Nitai,
Many thanks for the great insight!
In response to your 4 items:
1. *CODE*: Very good insight and agreed. I do have a New Relic account
- Check!
2. *DATABASE*: I will check your links in a few... One thing that I've
seen consistently across many blogs through some minimal research in db
comparisons is that Mongo is easier to setup and get going on and even
though it can scale, Cassandra is easier to configure for scaling and setup
for scaling (for a cluster) by default (or something similar to that.) The
sharding stuff for Mongo seems to, again from the minimal research I've
done, even on the Mongo website, seems to be very "warning-like". They say
if you you don't plan from the start with how you are going to shard the
db, it can become a pain later on. Does anyone know of any very good
reference tutorial on properly preplanning/preparing for sharding with db
structure examples for Mongo specifically?
I also understand that several of the major high traffic sites use
multiple databases as each db has its own benefit in performance, ease of
use/management, scalability, ACID transactions, etc. My DB need for now is
for the user/categories portion of the apps. So far, you've given me an
extra star for Mongo ;)
3. *SERVER*: It will all be EC2-based probably using Beanstalk since we
don't support GAE anymore (because of GAE inconsistency issues). Been
hearing a LOT about Nginx performance all over the web. May definitely
consider this - otherwise apache.
4. *DNS*: Already have DnsMadeEasy - Check! They are very good by the
way - I've used them for years and they've recently done a major overhaul
with their UI and other features.

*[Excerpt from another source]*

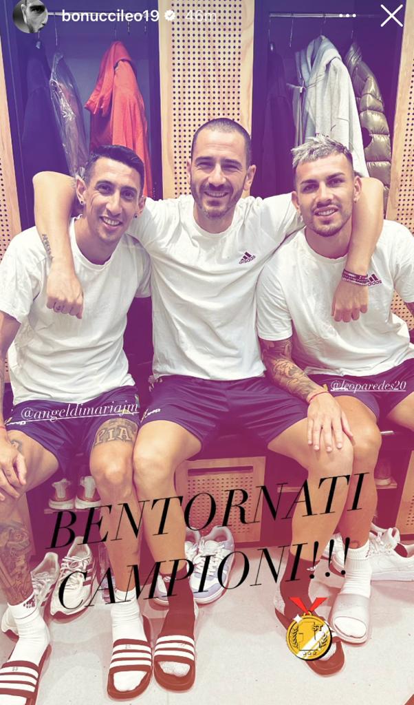Leonardo Bonucci, tramite una storia pubblicata su Instagram, ha dato il ben tornato a Angel Di Maria e Leandro Paredes, rientrati oggi a Torino dopo il Mondiale.

I know that AWS has their Route53 or
something and one of the projects I was working on seemed to have made it
easier to work with a load balancing setup with their elastic IP. I still
like the decoupling from AWS with DnsMadeEasy though.
Nitai, could you elaborate a little bit more on "* You
can even achieve DNS load balancing and diverse network connections with
DNS.* " The part I'm talking about is the *diverse network connections*.
Do you mean for failover purposes or scalability. If for scalability,
please elaborate.
Your response has been very helpful. I may consult with you in the near
future as well if your prices are not anywhere close to what I "Think" a
guy like Alan's could possibly be ;) His prices "might" be more affordable
once I reach phase 9 or 10 of the project. I wonder what the heck his
consulting prices could be like????
Anyhow, now's the time I really regret not going to the open cf summit!
Didn't have the time to travel at that time... Would've been nice to hear
Alan speak on high performance OpenBD!